The figure shows a homogeneous rock layer of thickness \(100\ \text{m}\). A vertical borehole is drilled through the layer and gravity is measured at the top point \(A\) and at the base point \(B\). If the difference in measurements between \(A\) and \(B\) is \(5\ \text{mGal}\), find the density \(\rho\) of the rock layer in g/cc (ignore terrain corrections). 

Hint:

Between two levels separated by a uniform layer, the gravity change equals the free-air term minus \(4\pi G\rho d\).
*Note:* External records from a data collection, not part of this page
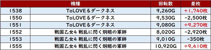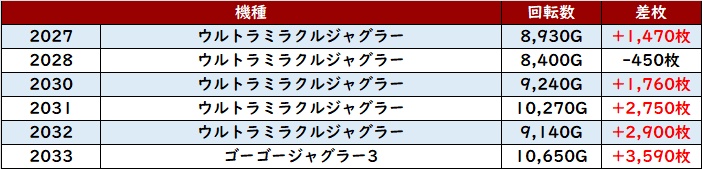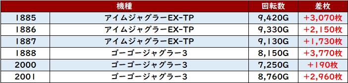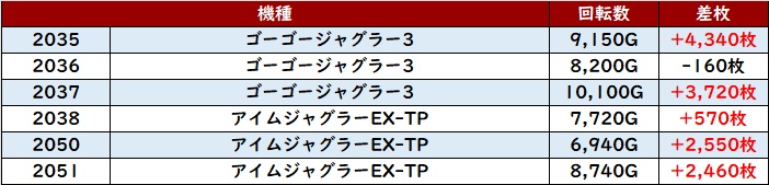 回転数9,000G超えが大半を占めており、更に差枚数+4,000枚超えというAT/ART機を凌駕するほどの出玉感も続出した!
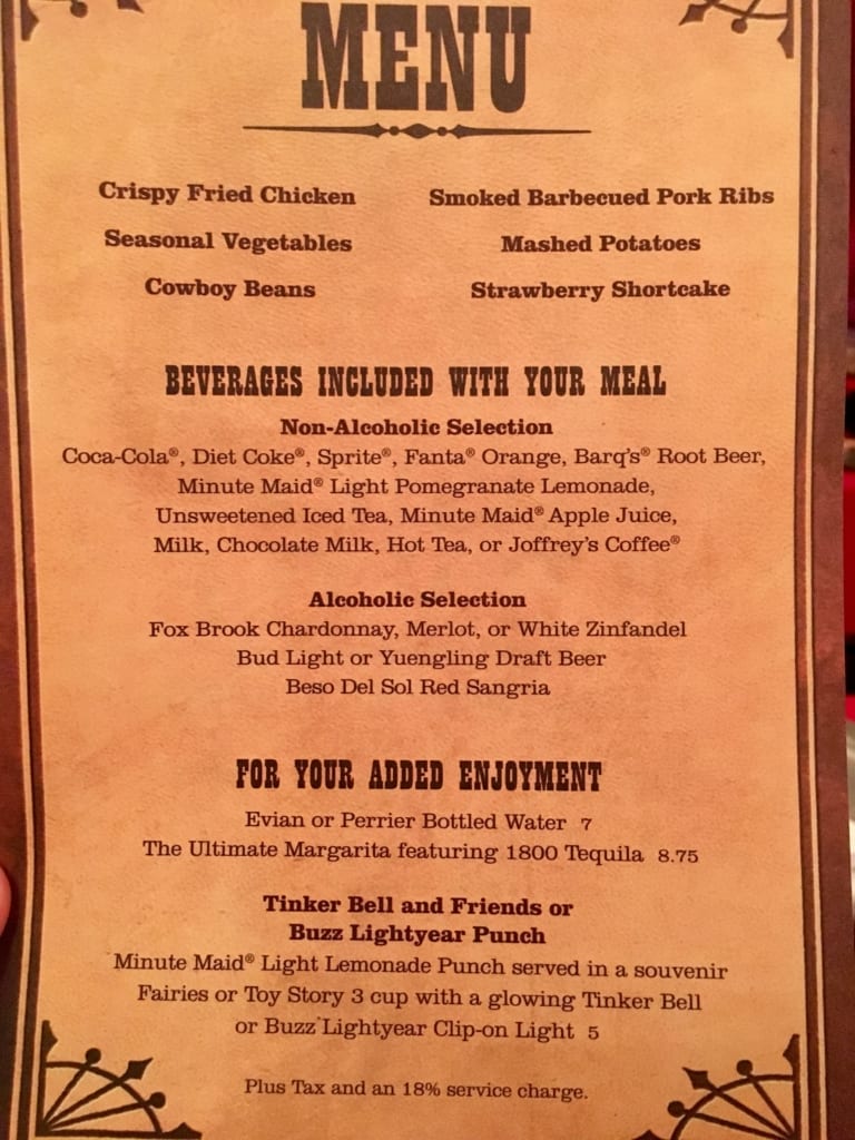 Let’s be clear, you don’t come to the Hoop-Dee-Doo Revue expecting a world-class meal as you can get from a place like California Grill or Jiko, but if you’re looking for some good ole fashion comfort food like Pork Ribs and Fried Chicken, and all-you-can-eat of it, then this is your place!
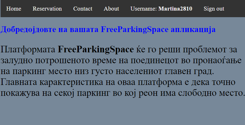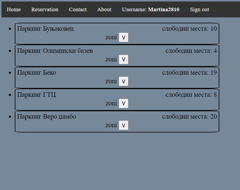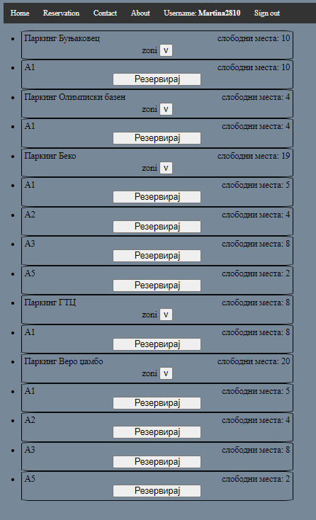 Во резервација се прикажуваат слободните паркинг места во одреден паркинг.
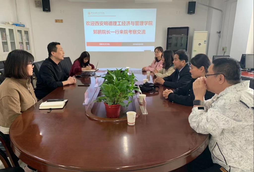 为进一步加强学院实验室建设,提高实验课教学水平,提升学生的实践创新能力。4月30日,经济与管理学院院长郭鹏、副院长许萍、国际经济与贸易专业负责人王维新、会计学专业负责人张荣斌、实验技术员薛姣一行5人赴陕西国际商贸学院国际经济学院调研学习。陕西国际商贸学院国际经济学院院长冯明、院长助理张丽等参加座谈交流。
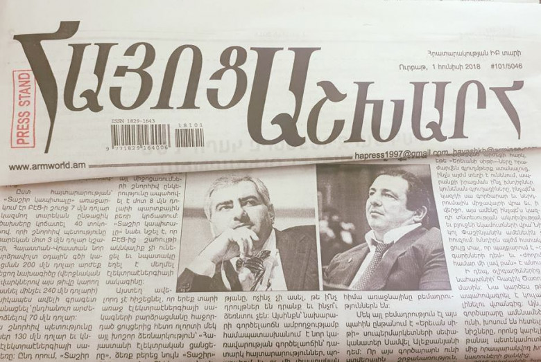 Իշխանությունների մոտ ծառայության անցած թերթերը մեր լրատվական դաշտում բավականին շատ են։Ահա ամենից կարկառուն օրինակը՝ բոլոր ժամանակների իշխանությունների հետ աշխատելու, նրանց ստրուկն ու հաճախորդը լինելու հարցում յուրակատուկ և ընդգծված ադապտացիա ունեցող «Հայոց աշխարհ» թերթոնը։ Վերջինս իր տերերին կորցնելու և որբանալու «ցավից» հուզված՝ այս օրերին տարատեսակ պատվերներ ընդունելով է զբաղված՝ ի վերջո հույս ունենալով «որդեգրվել» որևիցե մի տեղից։

Using \(4\pi G \approx 0.08386\ \text{mGal}/(\text{m}\cdot\text{g/cc})\) makes quick estimates easy.

Answer 1

Step 1: Account for free-air change between \(A\) and \(B\).
Going down by \(d=100\ \text{m}\) increases \(g\) by the free-air gradient \[ \Delta g_{\text{FA}} \approx 0.3086\ \frac{\text{mGal}}{\text{m}} \times 100 = 30.86\ \text{mGal}. \] 

Step 2: Account for the rock layer mass between \(A\) and \(B\).
The slab attraction of a layer of thickness \(d\) at a point above it is \(\ +2\pi G \rho d\), and at a point below it is \(-2\pi G \rho d\).
Therefore, moving from \(A\) to \(B\) changes the slab contribution by \[ \Delta g_{\text{slab}} = (-2\pi G\rho d) - (+2\pi G\rho d) = -4\pi G\rho d. \] In convenient units, \[ 4\pi G \approx 0.08386\ \frac{\text{mGal}}{\text{m}\cdot\text{(g/cc)}}. \] 

Step 3: Match the observed difference and solve for \(\rho\).
Observed \( \Delta g_{B-A} = 5\ \text{mGal} \) (downward increase): \[ 5 = \Delta g_{\text{FA}} + \Delta g_{\text{slab}} = 30.86 - (0.08386)\,\rho \times 100. \] \[ 0.08386\times 100\,\rho = 30.86 - 5 = 25.86 \;\Rightarrow\; \rho = \frac{25.86}{8.386} \approx 3.0859. \] \[ \boxed{3.09\ \text{g/cc}} \]